Il a mis ses mains autour de mon cou, 4 fois. Il dit que c'est moi qui l'a poussé à faire ça. Il dit que j'ai rajouté sans cesse de nouvelles accusations. Il dit c'est la 1re fois, je l'aime et veut pardonner, mais j'ai peur. Comment faire pour qu'il change ? Il ne veut pas de thérapie, je crois.
Bonjour Vert,
Excusez, s'il-vous-plaît, le retard de notre réponse.
Vous souhaiteriez qu’il change, il vous accuse de l’avoir poussé à vous violenter physiquement et vous pensez qu’il ne veut pas de thérapie.
Les tentatives de strangulations ne sont pas des violences banales, elles sont éminemment dangereuses et confrontent la victime à l’idée de perdre la vie et font peur. C’est inadmissible et vous êtes en droit de porter plainte, votre partenaire encourt une sanction pénale. Si de tels agissements se reproduisent nous vous encourageons vivement à demander un constat médical, même si les traces ne sont pas visibles, il peut y avoir des lésions internes.

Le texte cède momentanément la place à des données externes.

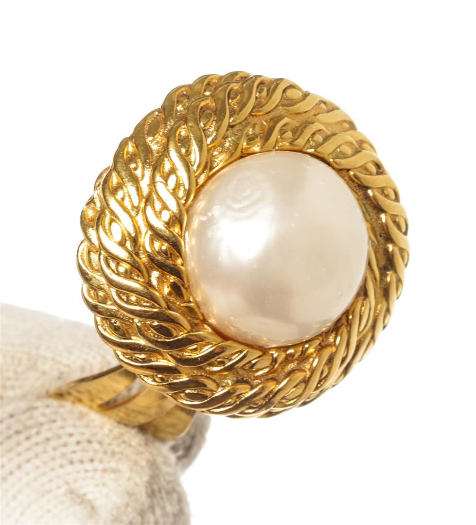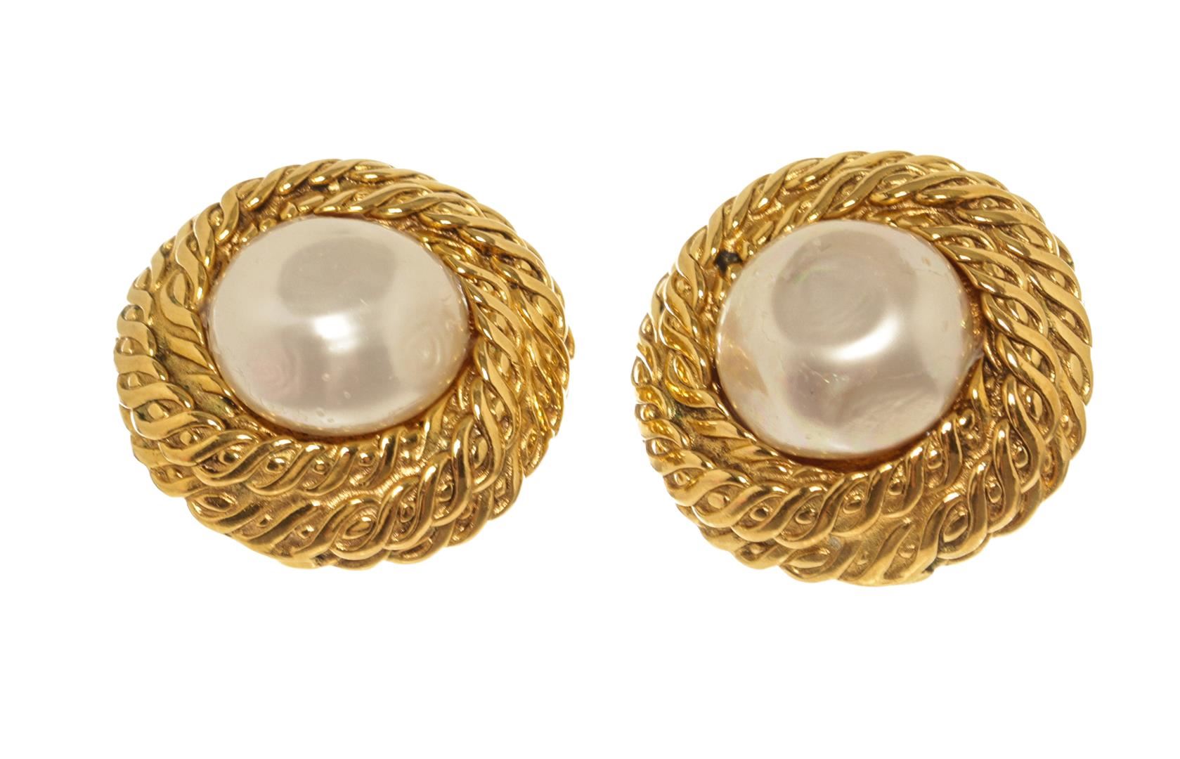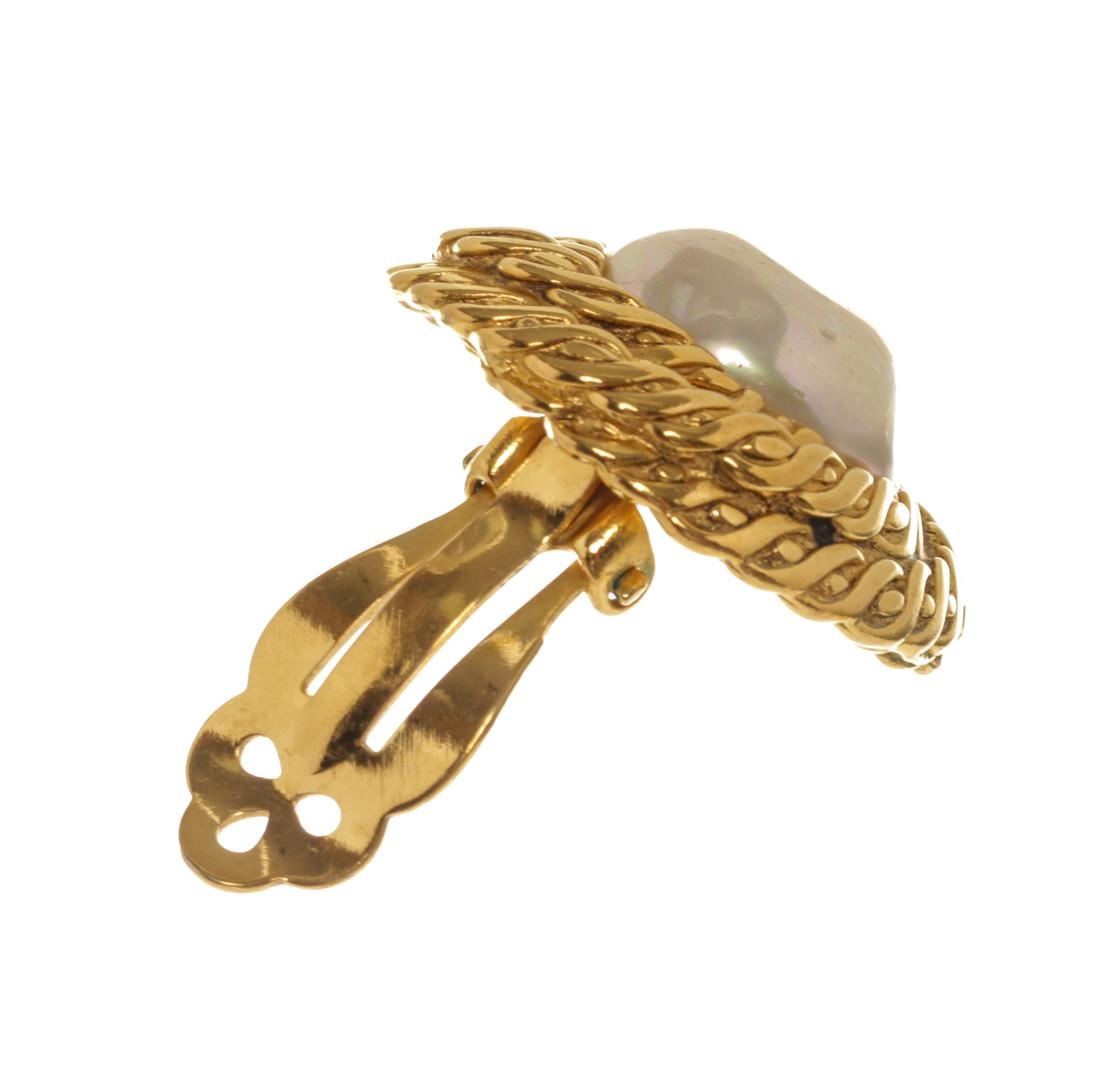 Chanel Gold Tone CC Braided Earrings. All available information is listed in the description and shown in the photos. Chanel Gold Tone CC Braided Earrings with gold tone metal hardware, and a centered faux pearl.

Au-delà de ces faits, vous dites aimer votre partenaire et nous comprenons bien qu’il ne se résume pas à la violence qu’il exerce; qu’il a des qualités pour lesquelles vous souhaiteriez lui pardonner. Pourtant, la peur est là et risque de vous accompagner, de vous induire à tout faire pour répondre aux attentes de votre compagnon. Or, vous avez droit à votre personnalité, à tenir compte de vos propres besoins, vous avez droit au respect de celui qui dit vous aimer et il y a d’autres façons de résoudre les conflits que la violence physique, les cris ou les insultes. Vous n’êtes pas responsable de cette violence, celui qui l’agit est responsable de ses actes et quand votre partenaire ne supporte pas certaines de vos façons d’agir, en aucun cas cela ne lui donne le droit de vous violenter.
Il est d’autant plus difficile de se sortir seul de la violence que celle-ci a lieu dans un espace intime où les liens affectifs sont forts. L’aide de professionnel-le-s est nécessaire et dans votre canton, il existe des services pour venir en aide aux auteurs de violence, aux victimes de celle-ci et même aux couples pris dans cette tourmente.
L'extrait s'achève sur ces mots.